## Exercise objective:
Go to the line that contains "This 14k yellow" in the listing below, then output it and every line after it exactly, omitting pictures.

## Input material:
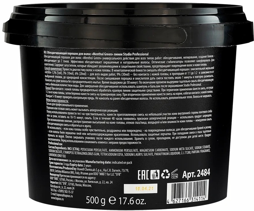Kapous Professional Порошок для волос обесцвечивающий «Menthol green»
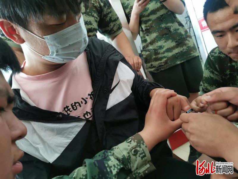 5月20日上午,劉先生和他的女友甜蜜告白并互贈(zèng)了戒指。下午,劉先生午休醒來后發(fā)現(xiàn)自己的手指頭被新戒指卡住了。他在網(wǎng)上搜刮了許多的技巧,都無法將戒指取下,時(shí)間一長,戴戒指的手指開始出現(xiàn)腫脹,疼痛難忍。輾轉(zhuǎn)多處,他匆匆趕到博野縣消防大隊(duì)博成街消防救援站進(jìn)行求助。
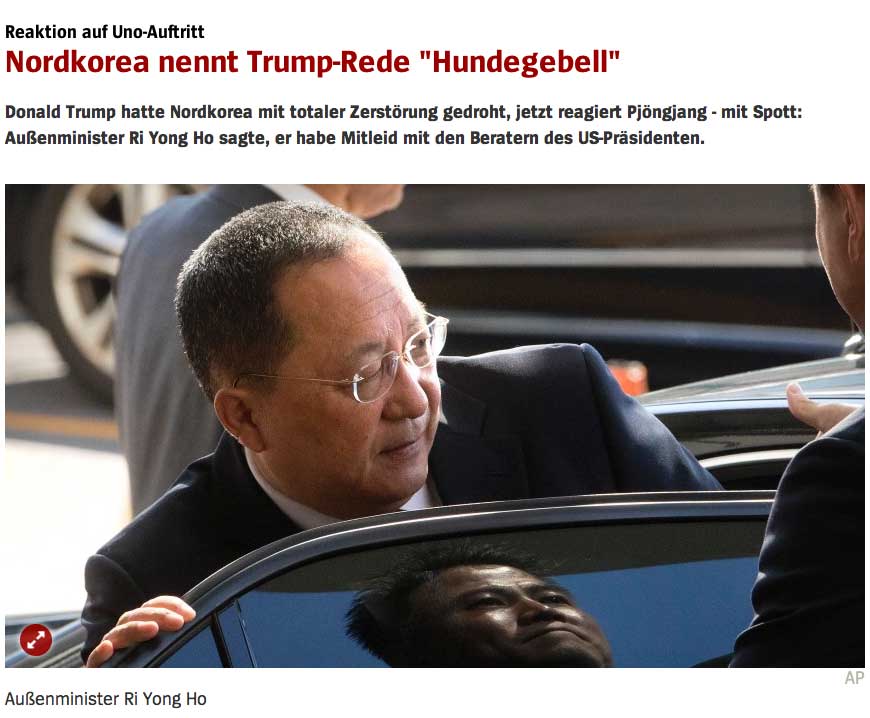 Nordkoreas Machthaber spuckt erneut große Worte. Als Reaktion auf Donald Trumps jüngste Rede sagte Kim Jong Un: "Ich werde den geistig umnachteten senilen Amerikaner endgültig mit Feuer bändigen" -
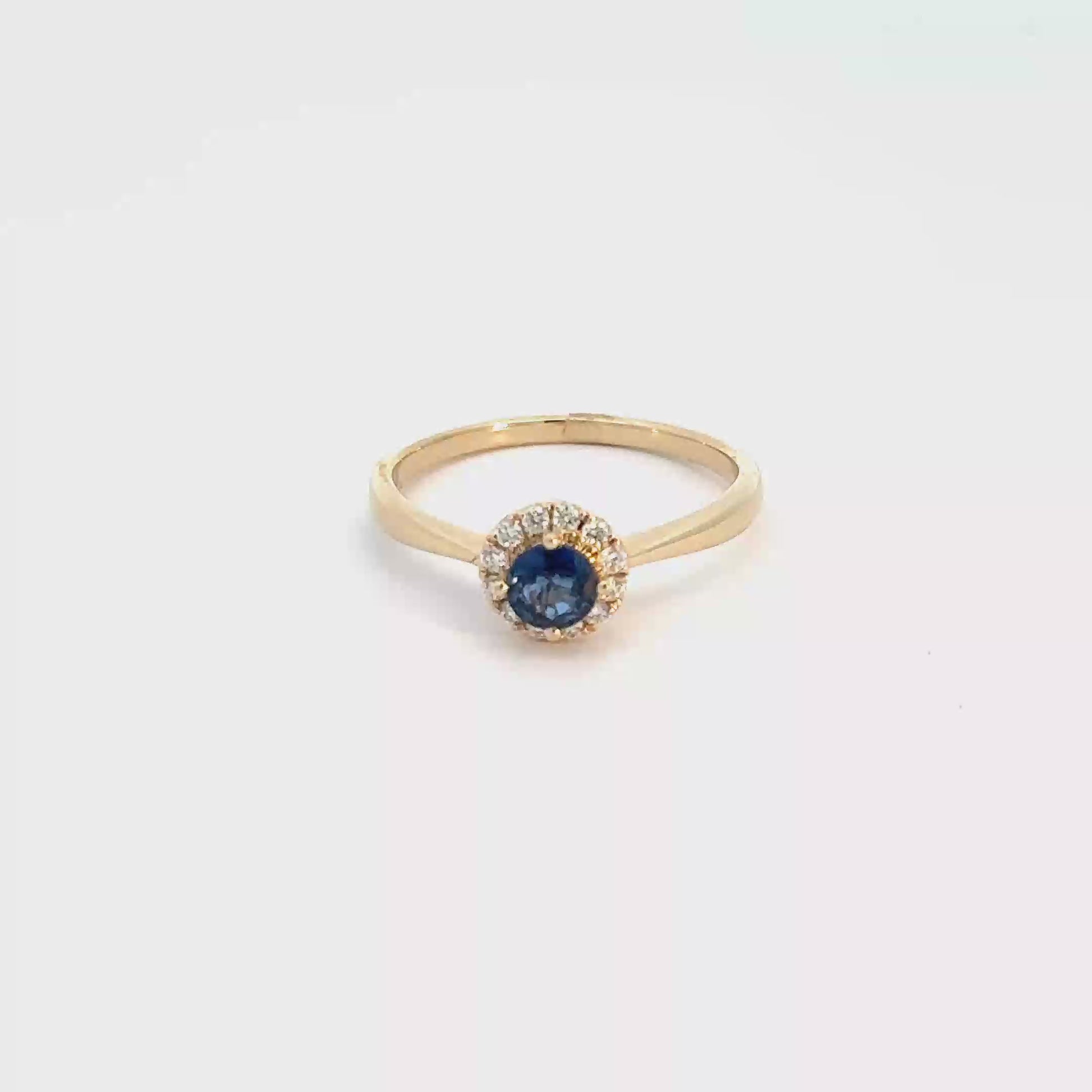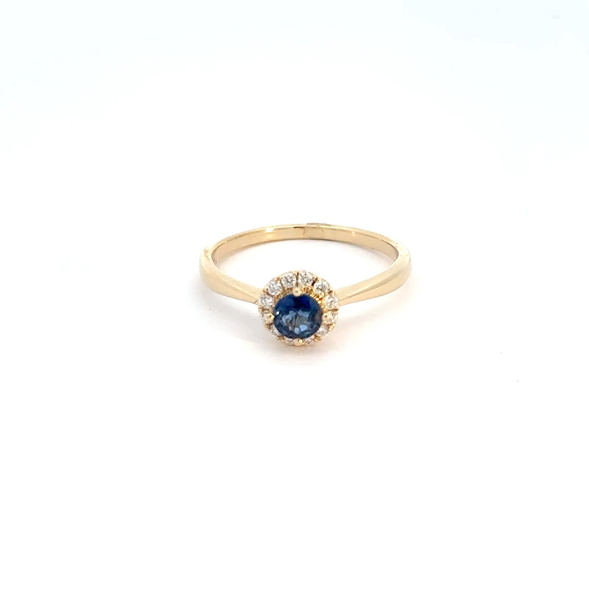 This 14k yellow gold sapphire and diamond ring features a round sapphire with an approximate weight of .42ct, accented by 12 round brilliant diamonds weighing approximately .10ct in total.
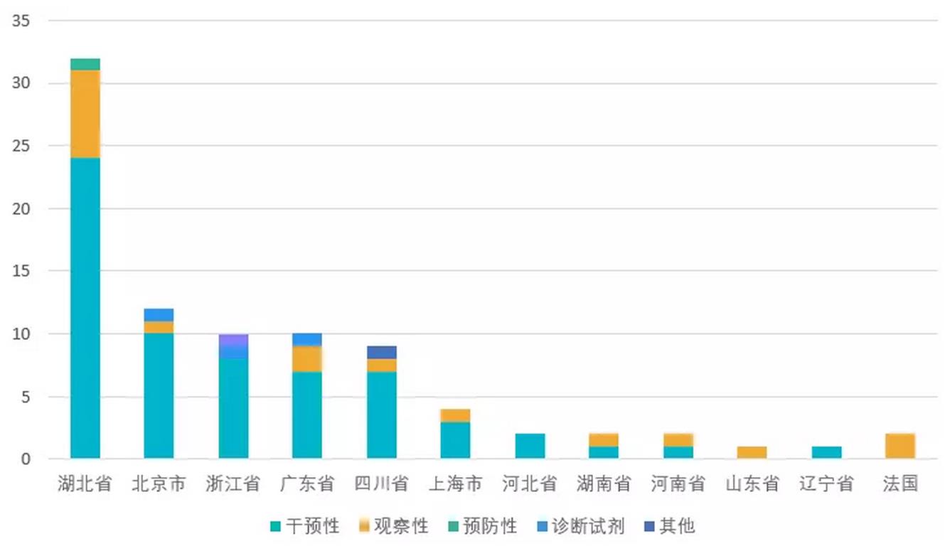 从研究类型来看,药物干预性治疗占 90%,其次是观察性研究,观察性研究主要以疾病特征、药物对疾病预防或预后影响,还有疫情与相关的其他基础疾病的临床研究,法国还开展了两项关于中高危新冠状病毒感染风险人群和感染临床特征的观察性研究。
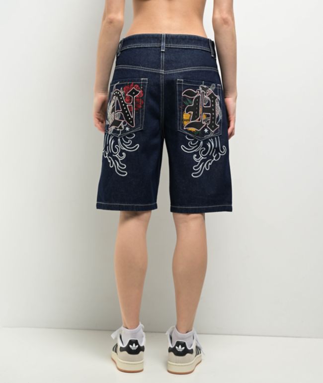 美品 doublet CHAOS EMBROIDERY COMFY SHORTS Ninth Hall Jennifer Cross & Wings Black Foldover Shorts | Zumiez
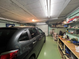 Sous-sol complet compartimenté en garage de 32m2 avec porte automatique, chaufferie et cellier.

## Written response:
 This 14k yellow gold sapphire and diamond ring features a round sapphire with an approximate weight of .42ct, accented by 12 round brilliant diamonds weighing approximately .10ct in total.
 从研究类型来看,药物干预性治疗占 90%,其次是观察性研究,观察性研究主要以疾病特征、药物对疾病预防或预后影响,还有疫情与相关的其他基础疾病的临床研究,法国还开展了两项关于中高危新冠状病毒感染风险人群和感染临床特征的观察性研究。
 美品 doublet CHAOS EMBROIDERY COMFY SHORTS Ninth Hall Jennifer Cross & Wings Black Foldover Shorts | Zumiez
 Sous-sol complet compartimenté en garage de 32m2 avec porte automatique, chaufferie et cellier.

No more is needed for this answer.